The implementation presented showcases a foundational approach to integrating **Corrective RAG (CRAG)** principles within a retrieval-augmented generation framework using LangGraph and LangChain. By introducing a grading mechanism to assess the relevance of retrieved documents, the system ensures that only pertinent information contributes to the generation of responses, thereby enhancing the overall accuracy and reliability of the output.

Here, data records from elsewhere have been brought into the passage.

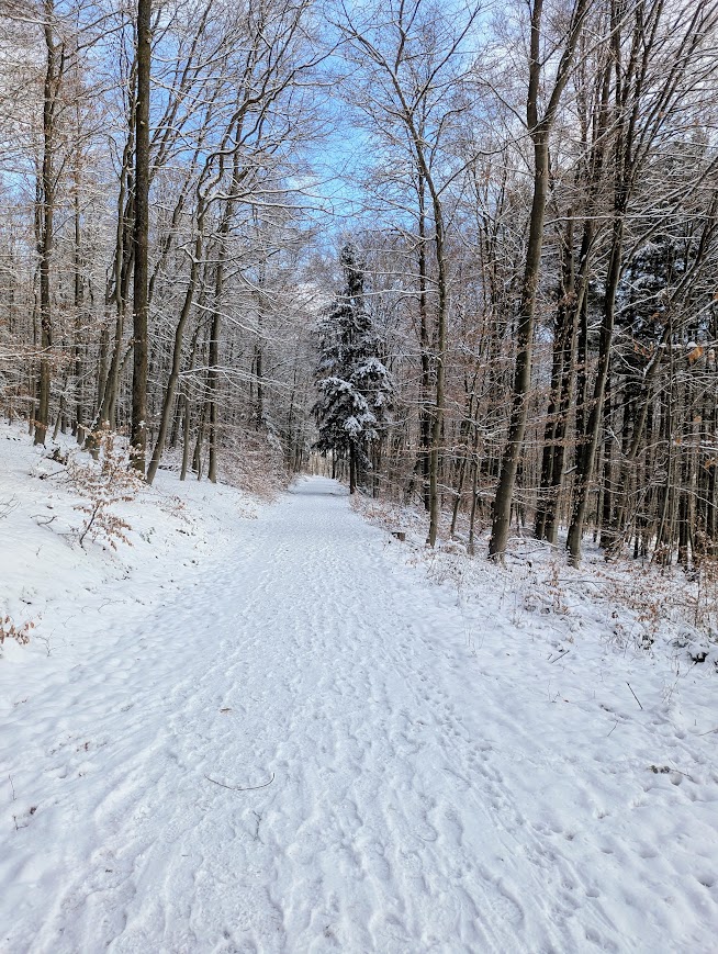 Zur Abwechslung mal wieder ein schmaler Pfad. Nur leise, ferne Straßengeräusche sind zu vernehmen, ansonsten besteht die Geräuschkulisse aus Spechtgetrommel und einem leichten Wind in den Baumkronen.
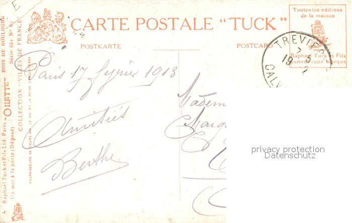 43261104 Verlag Tucks Oilette Nr. 87 Paris Bois de Boulogne Pferdekutsche postalisch gelaufen Erhaltung siehe scans [PaolaD17] alte Postkarte Paol Katcode 22080000002300
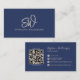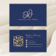 Modern Stylish Monogram QR Code Minimal Navy Business Card
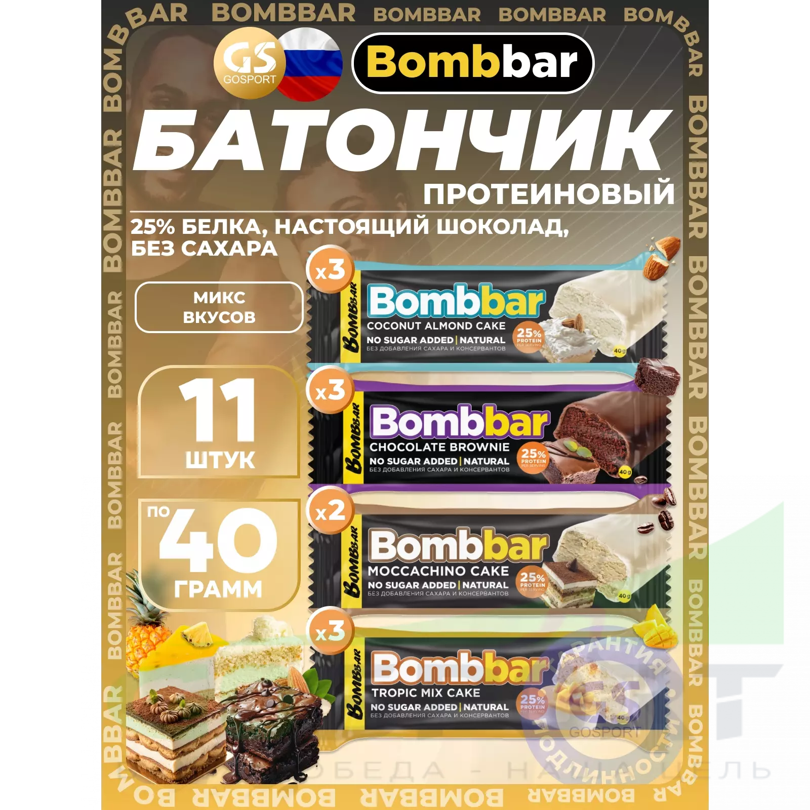 BombBar Батончик в шоколаде без сахара 11 x 40 г, Микс 4 — Полезный и питательный перекус
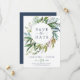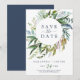 Este cartão de salvar a data de verão com folhagem é perfeito para um casamento elegante de verão. O design botânico apresenta um arranjo exuberante de eucalipto pintado à aguarela, folhagem e folhas verdes com raminhos sutis de flores cor-de-rosa desbotado.

While this example omits the knowledge refinement phase for simplicity, it lays the groundwork for more sophisticated enhancements, such as partitioning documents into knowledge strips and implementing deeper self-reflection capabilities. Additionally, the incorporation of web search supplementation through DuckDuckGo demonstrates the system's ability to dynamically seek additional information when initial retrievals fall short, ensuring comprehensive and accurate answers to user queries.

Moving forward, further refinements could include integrating advanced knowledge refinement techniques, expanding the range of data sources, and enhancing the grading criteria to capture more nuanced aspects of relevance. These enhancements would elevate the system's performance, making it a robust tool for a wide array of applications that demand precise and contextually appropriate language generation.